One of the fun aspects of studying petroglyphs is that regardless of how you interpret the images, nobody is wrong and everybody is right. Following, then, are pics of some of the petroglyphs our GCAS group saw on our March 3, 2019, field trip to Indian Wells.


Author Alex Patterson identifies this circle-with-a-dot over there on the far left as a symbol for the moon. Others describe it as a symbol for the sun. Either interpretation seems reasonable but it gets complicated when considering the near-left image. Two moons? Two suns? One of each?
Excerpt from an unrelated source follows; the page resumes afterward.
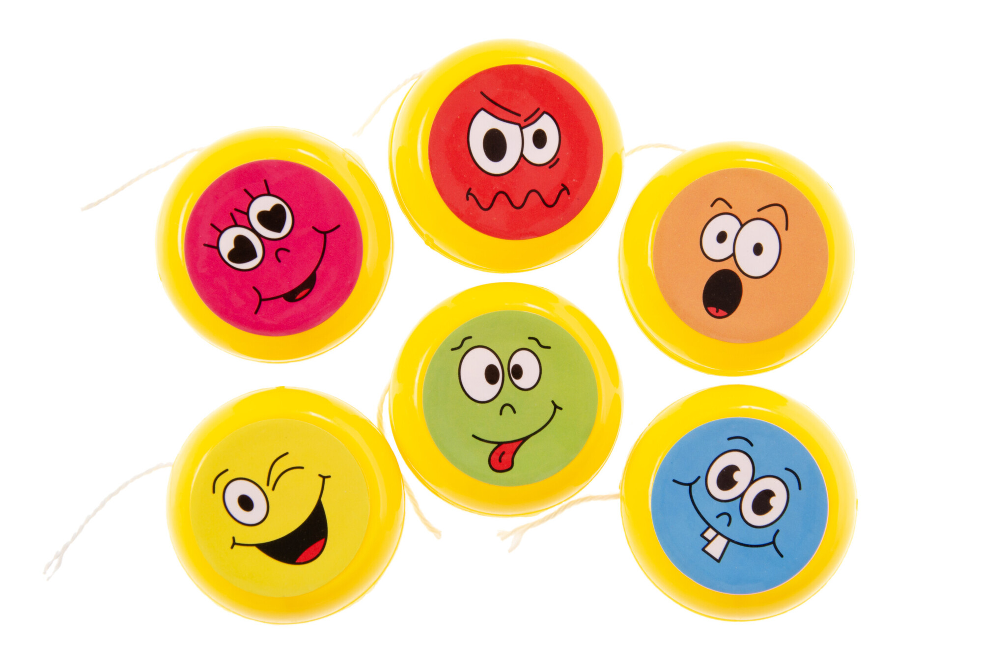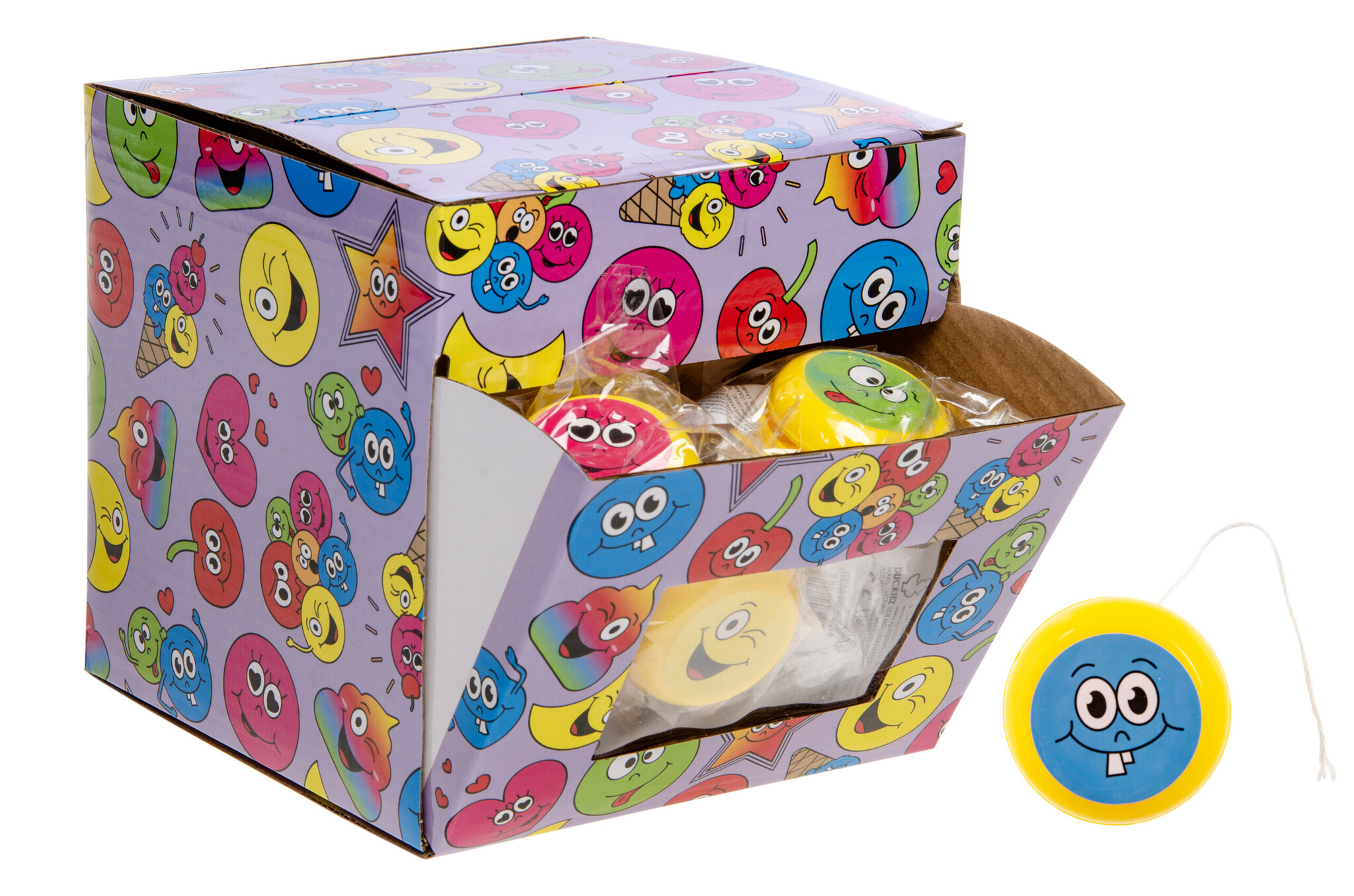 Terug van nooit weggeweest! Vrolijke jojo van ca. 4 cm met een lachend gezichtje. Geleverd in assorti kleuren en in een leuke uitdeelbox. Perfect voor traktaties, beloningen of feestjes met een glimlach!

Here, we see an image of a grid. Archaeologists variously interpret this as a fence to keep animals either in or out of an area; or it could be a net for hunting/fishing; or maybe it’s a layout of a pueblo as seen from above. Again, all are reasonable interpretations. But then, how does one interpret a similar grid, but with dots in the middle of each square, as we saw in this same area? Perhaps if one assumes the grid in this photo is a fence around sections of a field, maybe a grid with dots indicates a fenced field that has been planted. Or not. Could both images possibly depict rooms of a pueblo, with the pueblo rooms in the left photo being unoccupied but each room in the pueblo on the right being occupied by one person or one family? Could this be an archaic version of a census?
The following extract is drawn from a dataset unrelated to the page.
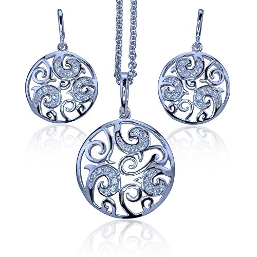 -. Title : Circle Shape Pendant and Earrings Set with Simulated Diamonds in Sterling Silver with 18" Chain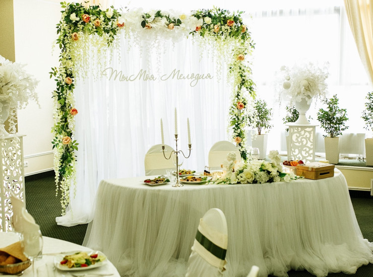 Светлый и торжественный зал подойдет для проведения любого банкета - свадьба, корпоратив, День рождения, выпускной и т.д.

Next, we have an image on the left of what appears to be an anthropomorphic head with large eyes and some kind of antenna sprouting from the center of the head. That might be interpreted to be a symbol of the Mesoamerican rain god, Tlaloc. Alternatively, it could symbolize the staring eyes of Death. However, the image on the right shows what appears to be the same head with the same kind of eyes…but this image shows a pair of curved horns on the sides of the head. It has been suggested that this depicts an owl species local to the US Southwest with ear tufts, such as the great horned owl or screech owl. If so, does the image on the left depict a local owl that has no ear tufts, like the spotted owl or pygmy owl? If so, how does one explain the antenna? What are your ideas?

This last image is of one that has used some natural features of the underlying rock to create what I, personally, believe is a depiction of a celestial event. Observe how a natural hole in the rock was pecked around, to give the effect of luminescence, with additional pecking that arcs to the right and upwards in a series of dots along a sharp edge of the rock. Sure looks to me like a comet and its tail. Specifically, Halley’s Comet. Which we all know returns to our area of the universe every 75-76 years. Meaning our petroglyph artists might have seen it in the sky in 936 CE…1011 CE…1087 CE…1162 CE…
Of course, reasonable minds may differ. And bad ones seldom do.